The plague of Athens is one of the most detailed, vivid and life-like accounts of any event from ancient times. The historian who penned it (Thucydides) assures all readers that he relied upon eyewitness reports and that he personally investigated what had happened in order to be sure of leaving a record that would be of use (as well as interest) to posterity.

But how historically true is it? Is it hyper-sceptical to even ask that question?

I ask because a few New Testament scholars who study Christian origins claim that those who raise doubts that the author of the two-part prologue to Luke and Acts was really relying upon eye-witness testimony as he appears to be claiming are “hyper-sceptical” and unreasonably biased against the Bible. This post is part of a series showing that such critical questions are indeed applied to works other than those in the Bible and that they are perfectly legitimate and gateways to deeper understanding of the texts.

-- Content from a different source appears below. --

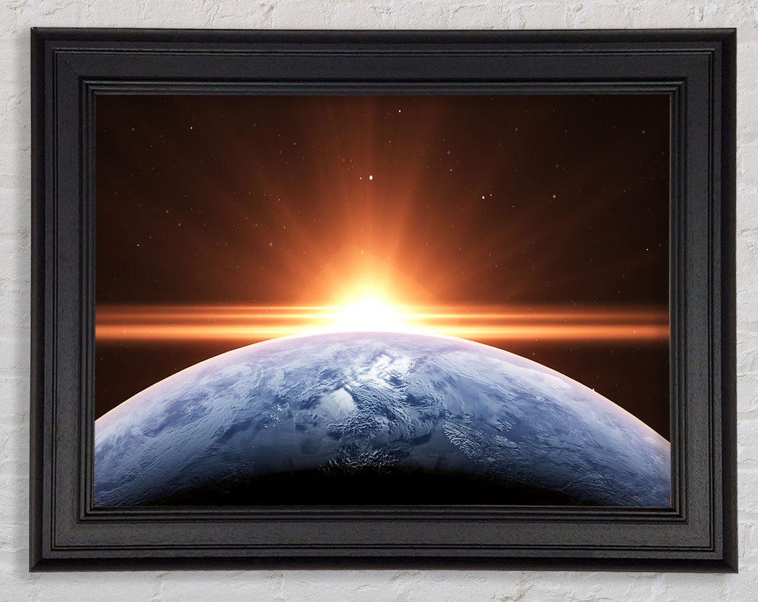 Sun peering over the earth Framed Print

Further, among ancient historians and classicists we find the rule that we can never be certain of the historicity of a narrative without external or independent corroboration. This, too, is another detail dismissed as “hyper-scepticism” among some New Testament scholars who have built “bedrock history” upon their biblical sources.

Before resuming with Woodman’s discussion of the way the historian Thucydides worked it’s worth pausing to consider an extract by Henry R. Immerwahr from the Cambridge History of Classical Literature:

The close association of history and literature produced a distinctive manner of presentation which creates difficulties for anyone who tries to use the ancient historical works as source materials. Especially through the influence of epic and drama Herodotus and Thucydides set a style followed by almost all ancient historians, which may be called mimetic, that is, they write as if they had been present at the events they describe. (An exception is the Oxyrhynchus historian who aims at a more dispassionate narrative.)

When Herodotus describes the conversations between Gyges and Candaules or the feelings of Xerxes after Salamis we can hardly believe that this is based on evidence; it is rather an imaginative, ‘poetic’, reconstruction aiming at authenticity in an idealized sense.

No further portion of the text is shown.